Jetzt stellt sich die Frage für mich... kann ich Widerspruch einlegen bzw. habe ich eine Chance auf Übernahme der tatsächlichen Summe?
Leider finde ich für meinen speziellen Fall nirgendwo im Netz eine Antwort dazu. Hier die Details... ich bewohne eine ca. 50 qm große Eigentumswohnung (in Rheinland-Pfalz). Das Gebäude ist ein 2-Familienhaus, welches ich praktisch zu 1/3 bewohne, der andere Eigentümer 2/3. Entsprechend dieser Aufteilung habe ich das JC um die Übernahme meines Drittels gebeten. In der Vergangenheit hatte das über viele Jahre geklappt und ich bekam meinen Anteil immer exakt erstattet. Heizöl wurde immer vom Haupteigentümer nach Notwendigkeit und sinnvollem Ölpreis getankt. Ich hatte nach Rechnungserhalt diese immer dem JC eingereicht und der Betrag wurde erstattet. Mein Anteil ist aktuell 1465,- aber übernommen/erstattet wurden mir nur 828,- . Jetzt stehe ich mit gut 600,- bei dem Miteigentümer in der Schuld und weiß nicht wie bezahlen.

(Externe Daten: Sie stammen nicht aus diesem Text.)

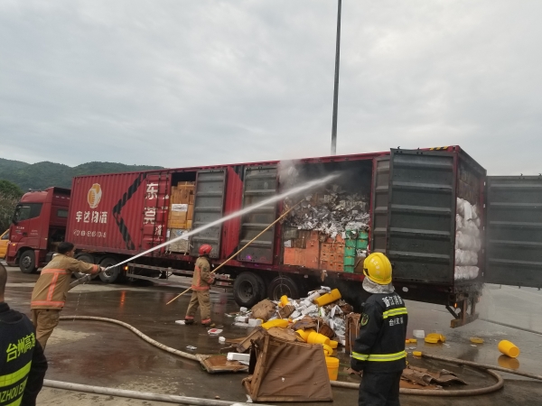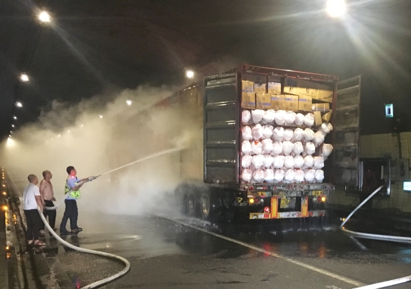 萬幸的是,恰逢溫州高速交警巡邏車經(jīng)過,隨即在該貨車后方預(yù)警,很快的所巡邏車、消防車先后到達(dá)現(xiàn)場協(xié)同滅火。由于該車貨物較多,且裝載物皆為紙箱和塑料,集裝箱底層溫度較高,一時(shí)只能將明火撲滅,但車廂內(nèi)仍有大量煙霧,為了安全,車子必須盡快撤離隧道,執(zhí)勤隊(duì)當(dāng)即決定讓駕駛員把車開往南廣場繼續(xù)滅火,消防車則一路緊隨其后滅火,以防火勢變大。

Natürlich ist die getankte Menge nicht nur für das eine Jahr vorgesehen, so wie das in der Vergangenheit auch war. Im Jahr davor habe ich überhaupt keine Heizkosten beantragt/bekommen, weil eine Betankung nicht stattgefunden hatte. Anmerken will ich auch noch, dass es ein älteres Wohnhaus ist mit einer rund 40 Jahre alter Heizanlage.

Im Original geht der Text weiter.